Coats said that setting the "appropriate expectations as an aerospace team" is critical. "We really haven’t done a good job of doing that," he said.

Old technology needs facelift.

NASA’s budget continues to go down, not even keeping up with inflation. So times are tough, the former astronaut said.

"When I was an astronaut, I used to think it’s obvious that we need a space program. But it has become obvious to me since then that it isn’t obvious to everybody," Coats said.

Coats said he was "dumbfounded" by a lack of understanding in the U.S. Congress about NASA and the space program. "I’ve been asked by members in Congress why NASA never comes over to explain what the space program is all about," he said.

"We seem to be having a real problem getting a new NASA administrator," Coats said. "They are not exactly lining up at the door; which doesn’t say very much about the job we’ve done selling the importance of NASA and the space program," he said.

"We need to sell the new NASA administrator on the importance of space…let him become the advocate for space," Coats said.

On-ramp traffic

"NASA spends $3 billion to $4 billion a year on transportation, just getting to and from space," said Brant Sponberg, an examiner for the Office of Management and Budget’s science and space programs branch. "That’s money not spent on doing science, developing new technologies or exploring space," he said.

Those monies tally up to about one-fourth to one-third of NASA’s $14 billion budget.

"If each of us spent that much of our individual budget on just getting to work or going to the grocery store, we’d all be pretty poor," Sponberg said. There needs to be transition from shuttle to something cheaper, he said.

"There’s a real need here for NASA to get onto something that’s more cheap," Sponberg said.

SLI’s aim is for the country to move toward commercially competitive, privately owned and operated vehicles for human spaceflight in the 2010-to-2012 time frame, Sponberg said.

"Early in the next decade, we could be in an era where we cut NASA’s launch cost by half or more from where they are today," Sponberg said.

Investment portfolio

Scott Pace, senior advisor at NASA Headquarters, said the SLI seeks to improve the space agency’s risk management skills, enabling it to better invest monies for maximum payoff. "This is a large amount of money that’s being put on the table. This is no fooling. This is about an investment portfolio in the future," he said.

Lori Garver, former head of NASA’s policy and planning, and now director of space programs at DFI International, likened the highway to space to the creation of America’s Interstate Highway System. Billions of dollars of government funds and 40 years of work led to completion of the Interstate, she said, yielding a huge return on investment.

"I think that’s the same with space transportation," Garver said. "The government should serve as an enabler as it has been in the past…, a role that is not quite finished."

"It’s tough to cheat gravity," said Ben Goldberg, director of engineering and research in space propulsion for rocket-engine maker, Pratt & Whitney. He cited a long list of past projects -- including the X-33 and several advanced booster propulsion ideas – which have failed to lower the cost of access to space.
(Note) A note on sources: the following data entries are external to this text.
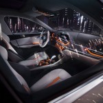 El diseño de la puerta recoge las líneas horizontales del panel de instrumentos y las extiende a los flancos del coche con un barrido dinámico. La puerta principal, por ejemplo, se extiende visualmente hasta el pilar B y crea la sensación de un interior mucho más grande. De hecho la cabina ofrece un nivel poco común de espacio y amplitud para un coche de esta clase. Los asientos de estilo deportivo, que en la parte trasera ofrece dos asientos individuales, mejoran aún más esta impresión. Recubierto por un cuero de nappa suave en un cálido color Ivory y Grey Brown, al igual que Muted Brown, ofrecen un confort imbatible. Acentuación en Velocity Tulip – una fina sombra anaranjada – subraya la geometría deportiva de los asientos, que toman el ejemplo de los de carreras y acentuando el carácter deportivo del vehículo, mientras que se cumplen los requisitos de confort de un vehículo Premium. Además, el gran techo panorámico inunda el interior con luz natural y extiende el espacio por encima de las cabezas de los pasajeros para subrayar la generosa sensación de espaciosidad.
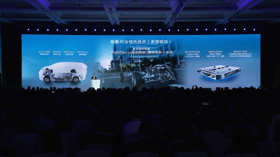 而在纯电领域,下一代电池系统瞄准“双1000”标准——即1000伏高压充电与1000公里纯电续航,并兼容未来固态电池技术;全新分布式电驱系统综合功率最大支持850千瓦,零百加速进入2秒级别,全面碾压行业平均水平。
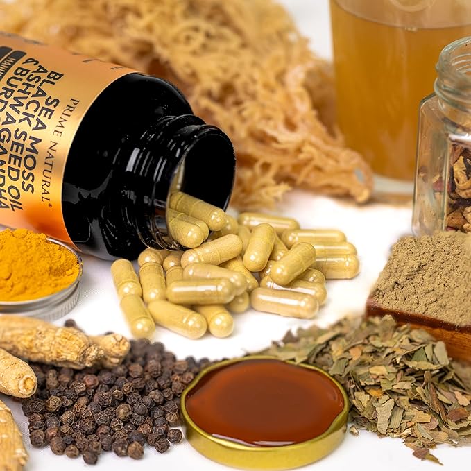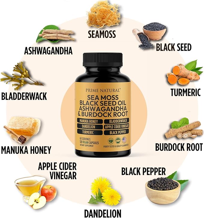 - IMMUNE SYSTEM SUPPORT: Sea moss, black seed oil, ashwagandha, manuka honey, and turmeric may aid in supporting and strengthening the body's immune function.
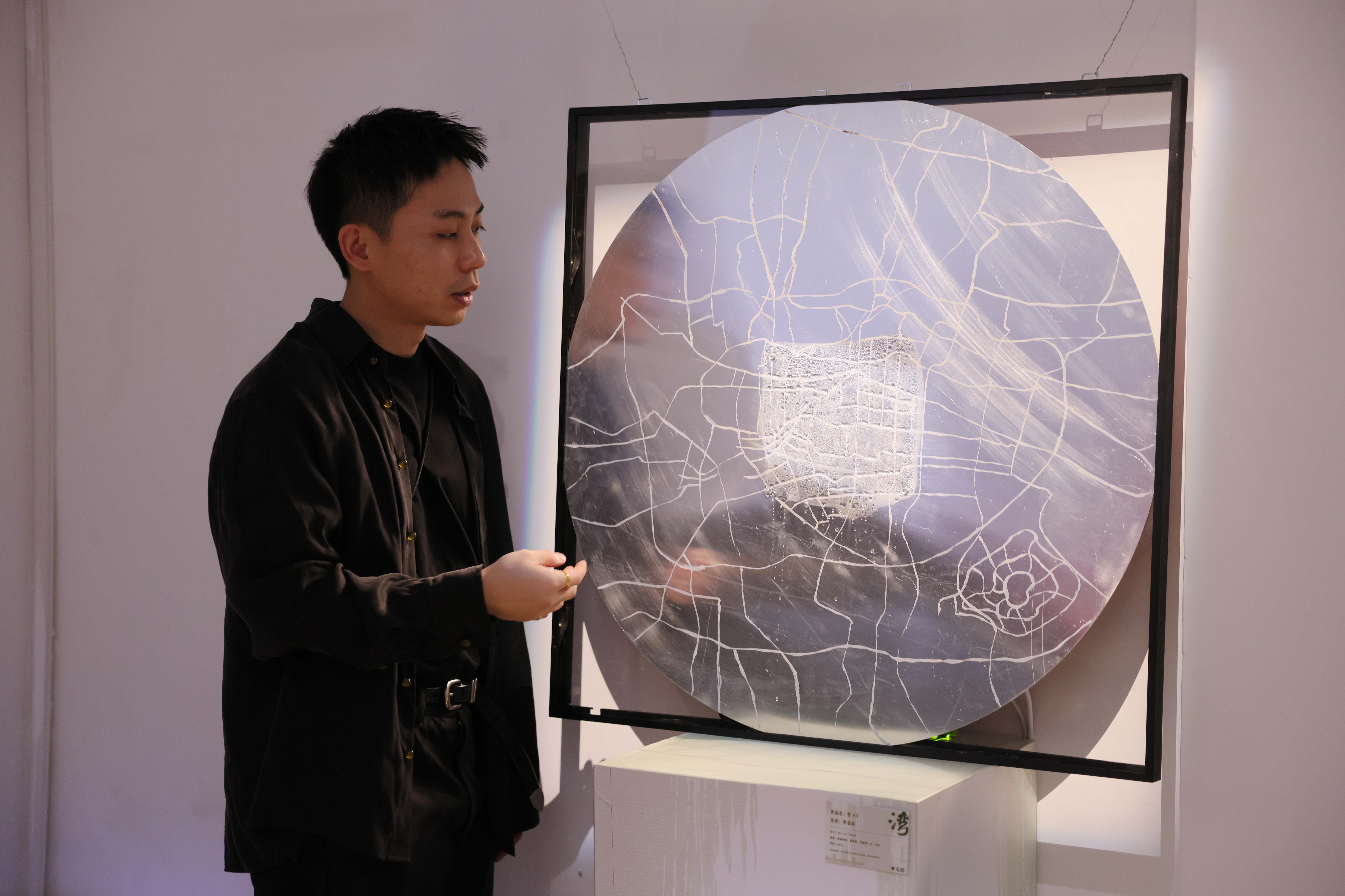 来自中国香港的策展人、艺术家罗嘉豪,毕业于中央美术学院,有着丰富的策展与参展经验。本次,他将传统元素有机融合进行艺术创作:“我根据陈家祠的状元标杆做出转换,从立柱改为挂式平面,中间以广府风车融合中国结做成可转动的装置,寓意丰收的意像,也是整套作品表达刻苦耐劳与收成的广东精神。4张温感变化装置,外形是传统古昼桌,桌面是温感变化的问绘昼,观众可用桌上的水和笔在正画面随意挥动,与画面的温感产生互动效果。”

"At least $3 billion dollars was spent without product-to-market for any of those programs. A large part of the technology that was generated in those programs did not get inserted into the current programs," Goldberg said.

Goldberg urged planners to cull the talent pool both in the United States and abroad. He also criticized the SLI for not having made the proper investments in solid-fuel rocket motor advancement, as well as liquid-fueled rocketry.